チュイルリー宮殿の前で振る舞われたこのステーキは、パリの市民たちに圧倒的な熱量と筋肉をもたらし、王室への絶対的な支持を不動のものとしたのである。
オルレアン公の野望は、完全に粉砕された。
だが。
パリの飢餓を乗り越え、市民との連帯をかつてないほど深めても……その日の夜、チュイルリー宮殿の執務室の空気は、鉛のように重く、息苦しかった。
「……アントワネット。代替肉の成功は素晴らしい。君の発想力には本当に救われた。

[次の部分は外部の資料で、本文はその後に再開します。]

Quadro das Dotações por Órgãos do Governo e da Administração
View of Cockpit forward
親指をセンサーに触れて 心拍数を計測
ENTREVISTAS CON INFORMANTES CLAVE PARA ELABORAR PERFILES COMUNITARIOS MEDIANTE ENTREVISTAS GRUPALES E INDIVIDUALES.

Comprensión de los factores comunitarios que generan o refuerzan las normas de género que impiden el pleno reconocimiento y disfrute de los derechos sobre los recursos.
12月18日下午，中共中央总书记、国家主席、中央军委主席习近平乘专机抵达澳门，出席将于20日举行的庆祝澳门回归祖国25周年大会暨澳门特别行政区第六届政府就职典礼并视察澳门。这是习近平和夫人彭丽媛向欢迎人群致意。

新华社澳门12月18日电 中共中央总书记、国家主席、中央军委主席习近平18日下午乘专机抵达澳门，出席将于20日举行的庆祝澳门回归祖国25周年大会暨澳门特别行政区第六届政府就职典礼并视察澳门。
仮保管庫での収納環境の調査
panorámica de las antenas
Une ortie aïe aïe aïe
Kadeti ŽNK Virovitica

……だが、問題の根本は、何一つ解決していないんだ」
ジョゼフを寝かしつけた後。
ルイが目の下に濃い隈を作り、ひどく疲れた顔で一枚の分厚い羊皮紙の書類を机に置いた。
それは、スイス銀行団の紋章が押された、無慈悲な『償還期限通告書』だった。
「飢えは凌げた。暴動も回避できた。しかし……国には依然として『現金』がない。オルレアン公から安く買い叩いたとはいえ、あの大量の小麦の購入で、なけなしの金庫は完全に空になった。……来月には、スイスの銀行団が利子の取り立てにやってくる」
いくら代替肉が美味しくても、借金取りはキノコ出汁では納得してくれない。国家の破産は、すぐそこまで迫っていた。

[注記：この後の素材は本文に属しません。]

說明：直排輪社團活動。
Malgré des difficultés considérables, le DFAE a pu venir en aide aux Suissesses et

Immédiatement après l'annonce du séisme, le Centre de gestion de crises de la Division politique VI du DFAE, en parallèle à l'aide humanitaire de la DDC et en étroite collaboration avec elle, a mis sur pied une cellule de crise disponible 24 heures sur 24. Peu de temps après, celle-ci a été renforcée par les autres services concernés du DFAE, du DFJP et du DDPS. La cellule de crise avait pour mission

「ネッケルの奴が残した、借金の残高……二十億リーブル。それにかかる、年利十パーセント……毎年二億リーブルの『利子』だ」
ルイの声が微かに震えている。
「二億リーブル……国家予算の約半分に相当する額だ……」
私は、その数字の桁の大きさに改めて眩暈を覚えた。
「僕たちが昼夜問わず地下でキノコを育て、君がどれだけ素晴らしい料理を発明して市民の心を満たしても……複利で膨らみ続けるこの悪魔のような数字の前では、何の足しにもならないんだ」
私は、テーブルの上に置かれた請求書が、突然、首を刎ねる巨大なギロチンの刃に見えた。
私たちが個人の知恵と努力、そして筋肉で生み出せる利益など、国家規模の金融という「怪物」の前では、バケツで海水を汲み出すようなものだったのだ。
「……そんな。じゃあ、私たちはどうすれば……」
足元が崩れ落ちるような感覚。
厨房の熱気とは違う、冷たい汗が背中を伝う。
「このままでは、冬を越える前に国庫は完全に停止する。軍隊に給与が払えなくなり、治安が崩壊する。外国の銀行家たちは、フランスの土地や港を借金のカタに差し押さえに来るだろう」
ルイは、自ら発明した複雑な歯車の模型を、力なく机に置いた。
「……根本的な制度を変えるしかない。貴族から強制的に税を取るか。それとも……いや、どちらを選んでも、内乱か革命は避けられない」
窓の外から、ヒュオォォと冷たい風が吹き込んでくる。
パリの平民たちは、代替肉ステーキで腹を満たし、王室への信頼を取り戻しつつある。だが、国という「器」そのものが、今まさに内側から音を立てて砕け散ろうとしていた。
マリー・アントワネット、23歳。
政敵を退け、大成功を収めたビジネスとアイデアの果てに彼女が見たものは、個人の努力ではどうにもならない『二十億リーブルの借金』という、マクロ経済の残酷すぎる巨大な絶望の壁であった。